Now, I found the following code in masm32\tutorial\console\demo7\complex.asm:
.data
; --------------------------
; initialise 10 DWORD values
; --------------------------
itm0 dd 0
(8 lines removed)
itm9 dd 9
; ---------------------------------
; put their addresses into an array
; ---------------------------------
array dd itm0,itm1,itm2,itm3,itm4
dd itm5,itm6,itm7,itm8,itm9
(several lines removed)
mov ebx, array ; put BASE ADDRESS of array in EBX
My question is, WHAT does ebx contain at this point - the address to "array" (the value of that label) as the comment insinuates, or the contents at that address, which would be the address to "itm0"? Does it depend on how and where the label whas declared, or is it possible to distinguish by means of an operator or keyword, such as "offset"? Would the "offset" keyword make any difference in this case?

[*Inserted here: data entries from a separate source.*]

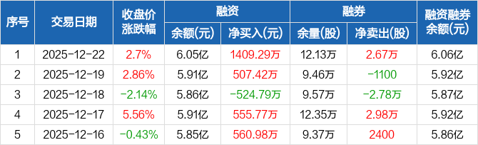 西藏城投:融资净买入1409.29万元,融资余额6.05亿元(12-22)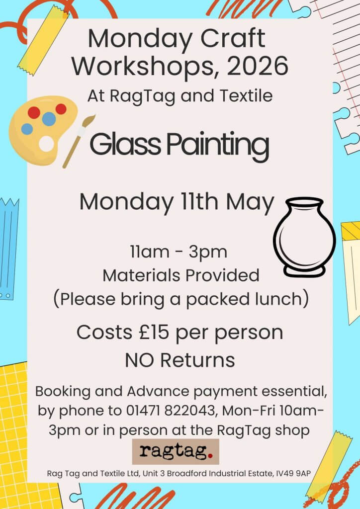 Have a go at Glass Painting in May. A relaxed session where you can use glass paints to decorate a vase, make a card, make a window decoration or just create a picture. Support will be given and all equipment provided. If you do want to bring your own glass item...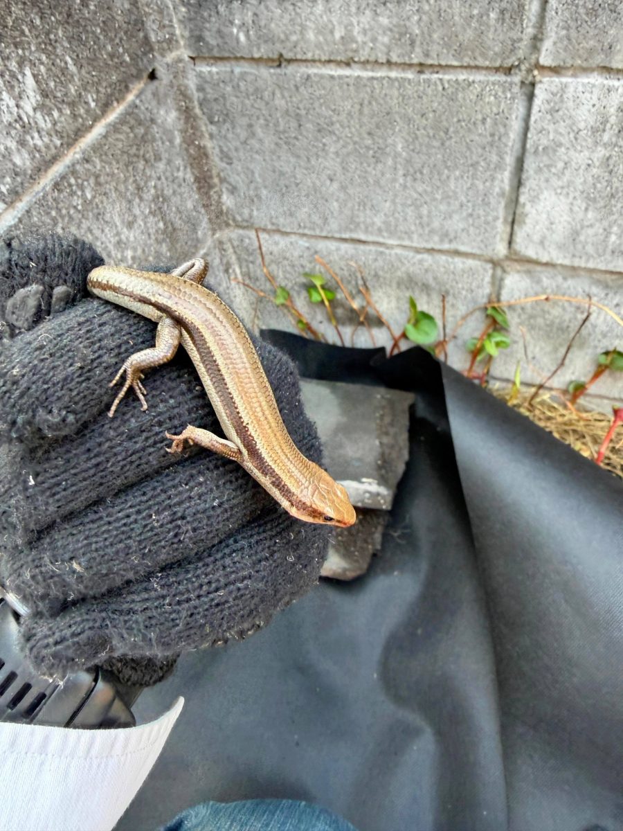 石を捲ると、カナヘビ君がニョロっと。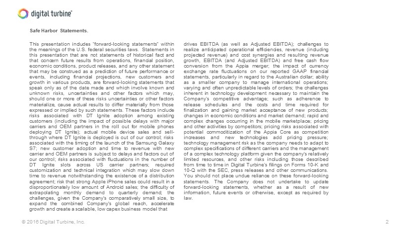 2 © 2016 Digital Turbine, Inc. Safe Harbor Statements . This presentation includes “forward - looking statements” within the meanings of the U . S . federal securities laws . Statements in this presentation that are not statements of historical fact and that concern future results from operations, financial position, economic conditions, product releases, and any other statement that may be construed as a prediction of future performance or events, including financial projections, new customers and growth in various products, are forward - looking statements that speak only as of the date made and which involve known and unknown risks, uncertainties and other factors which may, should one or more of these risks uncertainties or other factors materialize, cause actual results to differ materially from those expressed or implied by such statements . These factors include risks associated with DT Ignite adoption among existing customers (including the impact of possible delays with major carriers and OEM partners in the roll out for mobile phones deploying DT Ignite) ; actual mobile device sales and sell - through where DT Ignite is deployed is out of our control ; risks associated with the timing of the launch of the Samsung Galaxy S 7 ; new customer adoption and time to revenue with new carrier and OEM partners is subject to delays and factors out of our control ; risks associated with fluctuations in the number of DT Ignite slots across US carrier partners ; required customization and technical integration which may slow down time to revenue notwithstanding the existence of a distribution agreement ; risk that strong Apple iPhone sales could result in a disproportionately low amount of Android sales ; the difficulty of extrapolating monthly demand to quarterly demand ; the challenges, given the Company's comparatively small size, to expand the combined Company's global reach, accelerate growth and create a scalable, low capex business model that drives EBITDA (as well as Adjusted EBITDA) ; challenges to realize anticipated operational efficiencies, revenue (including projected revenue) and cost synergies and resulting revenue growth, EBITDA ( and Adjusted EBITDA) and free cash flow conversion from the Appia merger ; the impact of currency exchange rate fluctuations on our reported GAAP financial statements, particularly in regard to the Australian dollar ; ability as a smaller company to manage international operations ; varying and often unpredictable levels of orders ; the challenges inherent in technology development necessary to maintain the Company’s competitive advantage ; such as adherence to release schedules and the costs and time required for finalization and gaining market acceptance of new products ; changes in economic conditions and market demand ; rapid and complex changes occurring in the mobile marketplace ; pricing and other activities by competitors ; pricing risks associated with potential commoditization of the Appia Core as competition increases and new technologies add pricing pressure ; technology management risk as the company needs to adapt to complex specifications of different carriers and the management of a complex technology platform given the company's relatively limited resources, and other risks including those described from time to time in Digital Turbine’s filings on Forms 10 - K and 10 - Q with the SEC, press releases and other communications . You should not place undue reliance on these forward - looking statements . The Company does not undertake to update forward - looking statements, whether as a result of new information, future events or otherwise, except as required by law .

Ok, I suppose you will have to be patient with me, because I'm a very theoretical person, not the "trial and error" kind of programmer, so I didn't even bother testing the program and try to determine by its output. :snooty: (Unless I can expect that a program will behave according to my intentions, I see no point in assembling it at all... But hey, that's just me! :toothy)
"mov ebx,array" is treated as "mov ebx,DWORD PTR [array]" in every case (that I can think of at this very moment :P)
"mov ebx,OFFSET array" then it will give you address of the symbol 'array'
I would generally choose to be explicit where it's not obvious, but obviously you need to know the difference for reading others' code.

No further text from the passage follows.